Web Comics[edit | hide]

  • Elementals in What's Shakin', called Eternals, embody a single element. The only eternal seen so far has been Fred.
  • Amusingly played with by Order of the Stick, where the cleric Redcloak proves the value of a rudimentary education in chemistry with Chlorine Elementals, Titanium Elementals, and Osmium Elementals.
    • In case you're wondering, the Titanium Elementals were fired out of catapults during a castle assault, and the chlorine elemental was used to kill infantry with its poison gas.
    • Redcloak also takes the opportunity to point out that fire isn't even an element. They're not called "reactionals."
      • Vaarsuvius, however, is not amused, complaining that Redcloak has no appreciation for the classics.
  • MSF High: Rainer MAY qualify for this.
  • Gunnerkrigg Court: Antimony discovers that one of her ancestors was "some sort of fire elemental".

Web Original[edit | hide]

  • In The Gamers Alliance, elementals are rare but powerful creatures whose power is rivalled only by the gods and the dragons. They are usually sealed within magical objects, and it takes the right amount of knowledge and spells to set them free. A fire elemental burned down the military school Graves Hall and most of the students and masters, an ice elemental froze and shattered one quarter of Remonton and over half of its citizens, and an earth elemental killed off hundreds of demons. Thankfully all of the elementals seen so far have only wrought destruction for a short while until they became weary and decided to return to the High Plane to be reunited with their sisters and brothers.
  • The Global Guardians PBEM Universe had a few characters who were the embodiment of the elements. Ifrit was a literal fire demon from Islamic mythology. Maelstrom was the "lord of storms" and could control wind, wave, and lightning. Indian superheroine Dhara is the embodiment of the Vedic goddess of the earth.
  • Cracked.com's #8 Science Lesson As Taught by Famous Video Games represents them as hot chicks.

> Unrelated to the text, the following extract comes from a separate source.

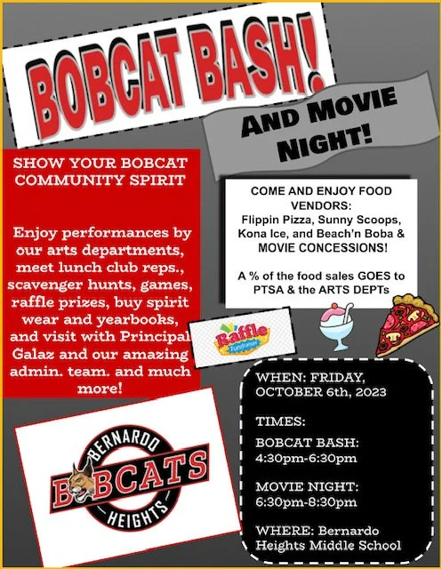 /This just in…Flippin’ Pizza will be selling pizza, garlic knots, and drinks and the amazing Susie at Sunny Scoops will be selling ice cream at the Bobcat Bash, along with Kona Ice, and Beachin’ Boba. Volunteers & Donations for Raffle Prize Fundraiser are NEEDED! See link to help make this school community event shine! https://www.signupgenius.com/go/10C0A44ADAA2FA4FE3-bobcat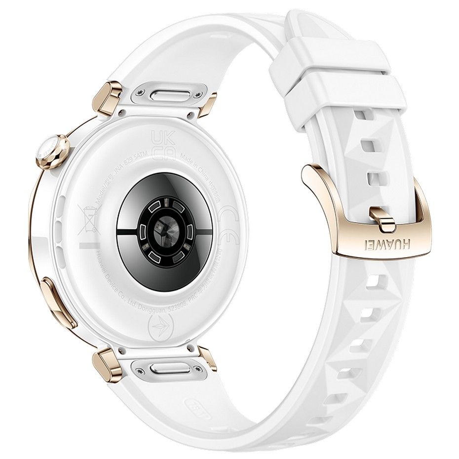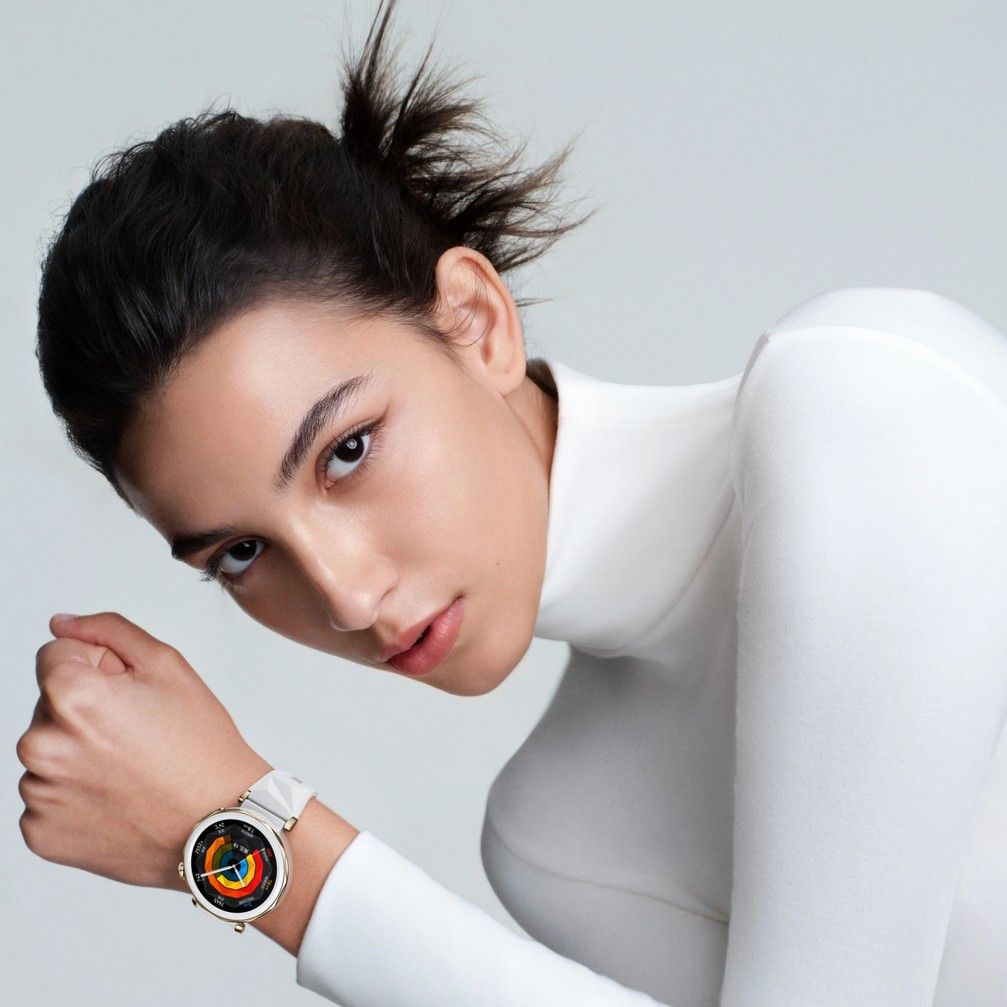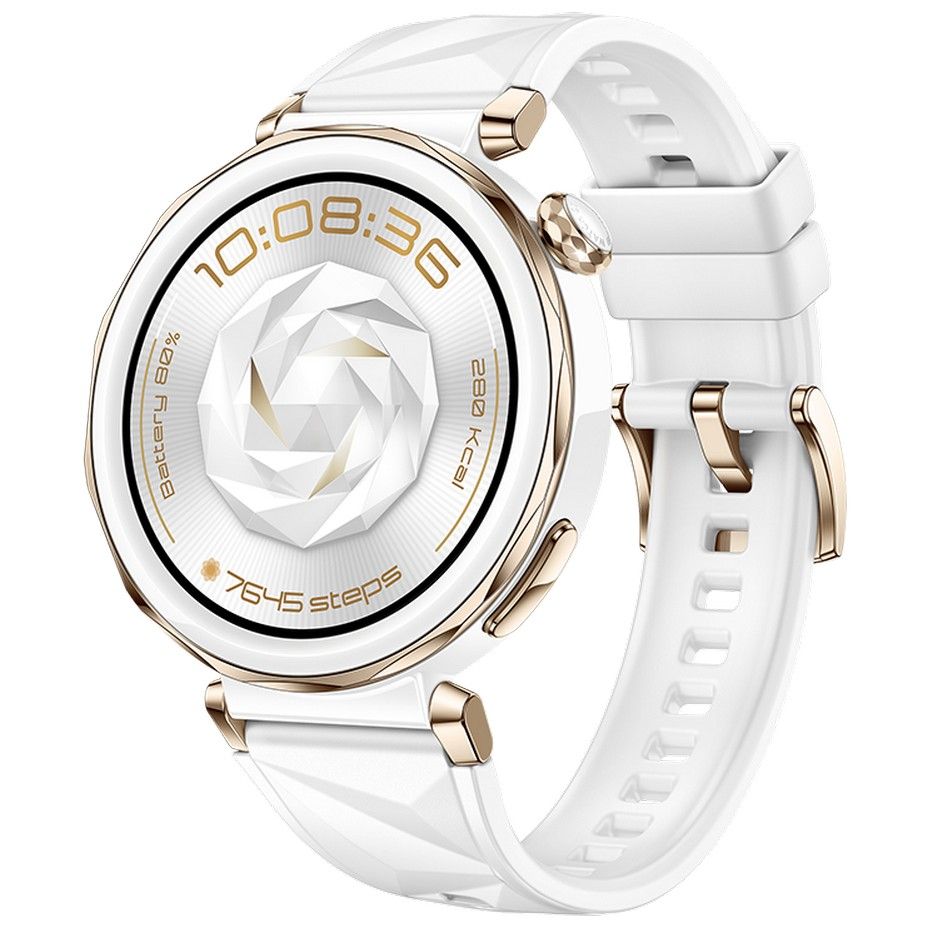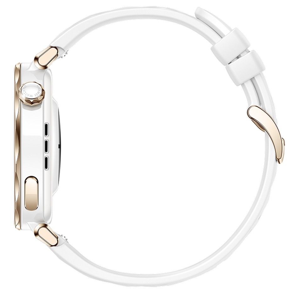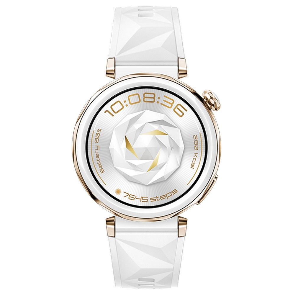 - Спортивная белая версия. Корпус из нанокристаллической керамики и текстурированный белоснежный фторэластомеровый ремешок сочетают в себе страсть и моду. Экран из сапфирового стекла подчеркивает премиальность дизайна, искрясь и сверкая. Безель и поворотная кнопка имеют красивые золотистые акценты, придающие часам вид дорогого украшения.

Western Animation[edit | hide]

  • The cartoon incarnations of Thunder and Lightning from Teen Titans.
  • The WITCH become this in the last episode of season 2. Also counts as a Deadly Upgrade as they lose their humanity in the process.
  • Frictor, the evil friction elemental from The Ripping Friends. Created by exposing the heroes' foot calluses to radiation. Yes, you read that correctly.
  • In Avatar: The Last Airbender, dragons are the original firebenders, "sky-bison" (flying white striped buffalo) are the original airbenders, and "badger-moles" (huge blind digging badgers) are the oldest earthbenders. Water is unique in the fact that the original waterbender was the moon, but the embodiment of the ocean is a Koi fish named La.